— ACTIVITY —
The answer should consist solely of the lines from the first one below through the line containing "Baby Nellys 2-dílné", copied exactly.

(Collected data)
.....

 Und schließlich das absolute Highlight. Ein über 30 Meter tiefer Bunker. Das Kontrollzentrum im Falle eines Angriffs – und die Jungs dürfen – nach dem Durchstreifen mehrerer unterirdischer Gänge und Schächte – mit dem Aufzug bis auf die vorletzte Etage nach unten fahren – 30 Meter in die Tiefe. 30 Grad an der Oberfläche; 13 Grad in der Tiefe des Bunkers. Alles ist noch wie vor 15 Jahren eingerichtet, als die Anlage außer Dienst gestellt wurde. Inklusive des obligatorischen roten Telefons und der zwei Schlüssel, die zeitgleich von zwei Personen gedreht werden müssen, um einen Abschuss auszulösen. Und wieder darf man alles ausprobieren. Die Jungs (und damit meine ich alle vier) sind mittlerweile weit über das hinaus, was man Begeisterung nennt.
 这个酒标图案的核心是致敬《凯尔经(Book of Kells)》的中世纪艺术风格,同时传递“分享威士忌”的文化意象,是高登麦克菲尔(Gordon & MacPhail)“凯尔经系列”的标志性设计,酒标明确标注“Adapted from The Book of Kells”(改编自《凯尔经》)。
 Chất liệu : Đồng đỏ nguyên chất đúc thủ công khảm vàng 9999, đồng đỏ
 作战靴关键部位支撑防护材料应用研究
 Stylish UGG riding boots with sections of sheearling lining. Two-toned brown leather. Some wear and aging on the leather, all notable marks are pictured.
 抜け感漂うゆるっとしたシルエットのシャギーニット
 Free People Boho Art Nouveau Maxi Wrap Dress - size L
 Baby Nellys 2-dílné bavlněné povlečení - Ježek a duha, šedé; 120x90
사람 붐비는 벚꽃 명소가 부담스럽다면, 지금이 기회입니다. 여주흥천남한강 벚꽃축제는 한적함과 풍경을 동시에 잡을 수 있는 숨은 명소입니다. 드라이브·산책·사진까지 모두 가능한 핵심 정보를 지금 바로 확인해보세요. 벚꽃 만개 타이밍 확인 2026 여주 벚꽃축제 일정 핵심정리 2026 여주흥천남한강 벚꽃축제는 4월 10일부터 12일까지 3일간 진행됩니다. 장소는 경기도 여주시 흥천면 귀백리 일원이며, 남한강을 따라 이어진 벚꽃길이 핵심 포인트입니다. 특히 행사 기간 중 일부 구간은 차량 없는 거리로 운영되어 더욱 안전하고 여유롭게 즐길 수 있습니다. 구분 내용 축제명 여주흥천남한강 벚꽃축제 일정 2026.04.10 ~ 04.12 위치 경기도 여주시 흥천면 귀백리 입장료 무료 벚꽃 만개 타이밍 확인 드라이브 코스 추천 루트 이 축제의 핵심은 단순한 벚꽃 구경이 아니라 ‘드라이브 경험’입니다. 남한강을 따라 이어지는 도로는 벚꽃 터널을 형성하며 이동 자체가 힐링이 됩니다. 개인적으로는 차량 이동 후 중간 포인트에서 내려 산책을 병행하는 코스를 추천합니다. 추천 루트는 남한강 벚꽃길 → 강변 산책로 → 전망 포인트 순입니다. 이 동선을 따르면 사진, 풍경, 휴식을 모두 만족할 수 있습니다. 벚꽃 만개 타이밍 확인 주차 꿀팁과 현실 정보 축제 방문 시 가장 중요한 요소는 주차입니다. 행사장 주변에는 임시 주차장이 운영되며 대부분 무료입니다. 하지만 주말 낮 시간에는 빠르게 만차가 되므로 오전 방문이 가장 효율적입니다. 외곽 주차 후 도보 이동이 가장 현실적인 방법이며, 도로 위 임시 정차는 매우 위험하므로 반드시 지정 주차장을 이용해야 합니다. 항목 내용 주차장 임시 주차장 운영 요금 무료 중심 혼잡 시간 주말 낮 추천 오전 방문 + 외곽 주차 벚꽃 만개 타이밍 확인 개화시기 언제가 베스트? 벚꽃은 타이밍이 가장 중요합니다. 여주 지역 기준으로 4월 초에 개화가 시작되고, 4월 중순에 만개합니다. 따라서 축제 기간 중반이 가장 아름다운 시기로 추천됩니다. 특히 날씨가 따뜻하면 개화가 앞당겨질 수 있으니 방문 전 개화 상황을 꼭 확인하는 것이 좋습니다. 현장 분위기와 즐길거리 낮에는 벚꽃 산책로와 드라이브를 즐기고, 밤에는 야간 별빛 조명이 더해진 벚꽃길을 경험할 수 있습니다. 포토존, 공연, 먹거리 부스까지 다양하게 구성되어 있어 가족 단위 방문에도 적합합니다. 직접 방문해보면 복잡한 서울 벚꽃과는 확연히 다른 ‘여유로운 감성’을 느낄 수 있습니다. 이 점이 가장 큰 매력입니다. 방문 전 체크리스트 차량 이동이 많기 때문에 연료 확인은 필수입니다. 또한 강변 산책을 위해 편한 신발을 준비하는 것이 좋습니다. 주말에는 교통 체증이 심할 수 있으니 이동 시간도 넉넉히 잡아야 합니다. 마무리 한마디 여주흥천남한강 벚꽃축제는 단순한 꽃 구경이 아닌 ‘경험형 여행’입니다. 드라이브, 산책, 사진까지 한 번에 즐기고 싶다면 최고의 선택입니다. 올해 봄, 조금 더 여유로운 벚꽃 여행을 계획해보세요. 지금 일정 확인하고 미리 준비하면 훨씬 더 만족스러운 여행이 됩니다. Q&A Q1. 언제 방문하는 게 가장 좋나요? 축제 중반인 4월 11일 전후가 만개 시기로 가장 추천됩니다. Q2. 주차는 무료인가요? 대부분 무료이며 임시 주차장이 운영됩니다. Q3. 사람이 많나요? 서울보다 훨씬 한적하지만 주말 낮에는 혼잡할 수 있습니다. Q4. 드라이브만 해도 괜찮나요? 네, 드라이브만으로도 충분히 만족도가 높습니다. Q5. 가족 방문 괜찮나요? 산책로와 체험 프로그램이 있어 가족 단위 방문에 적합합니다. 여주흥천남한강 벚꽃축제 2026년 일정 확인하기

.....

— ANSWER BOX —
 Und schließlich das absolute Highlight. Ein über 30 Meter tiefer Bunker. Das Kontrollzentrum im Falle eines Angriffs – und die Jungs dürfen – nach dem Durchstreifen mehrerer unterirdischer Gänge und Schächte – mit dem Aufzug bis auf die vorletzte Etage nach unten fahren – 30 Meter in die Tiefe. 30 Grad an der Oberfläche; 13 Grad in der Tiefe des Bunkers. Alles ist noch wie vor 15 Jahren eingerichtet, als die Anlage außer Dienst gestellt wurde. Inklusive des obligatorischen roten Telefons und der zwei Schlüssel, die zeitgleich von zwei Personen gedreht werden müssen, um einen Abschuss auszulösen. Und wieder darf man alles ausprobieren. Die Jungs (und damit meine ich alle vier) sind mittlerweile weit über das hinaus, was man Begeisterung nennt.
 这个酒标图案的核心是致敬《凯尔经(Book of Kells)》的中世纪艺术风格,同时传递“分享威士忌”的文化意象,是高登麦克菲尔(Gordon & MacPhail)“凯尔经系列”的标志性设计,酒标明确标注“Adapted from The Book of Kells”(改编自《凯尔经》)。
 Chất liệu : Đồng đỏ nguyên chất đúc thủ công khảm vàng 9999, đồng đỏ
 作战靴关键部位支撑防护材料应用研究
 Stylish UGG riding boots with sections of sheearling lining. Two-toned brown leather. Some wear and aging on the leather, all notable marks are pictured.
 抜け感漂うゆるっとしたシルエットのシャギーニット
 Free People Boho Art Nouveau Maxi Wrap Dress - size L
 Baby Nellys 2-dílné bavlněné povlečení - Ježek a duha, šedé; 120x90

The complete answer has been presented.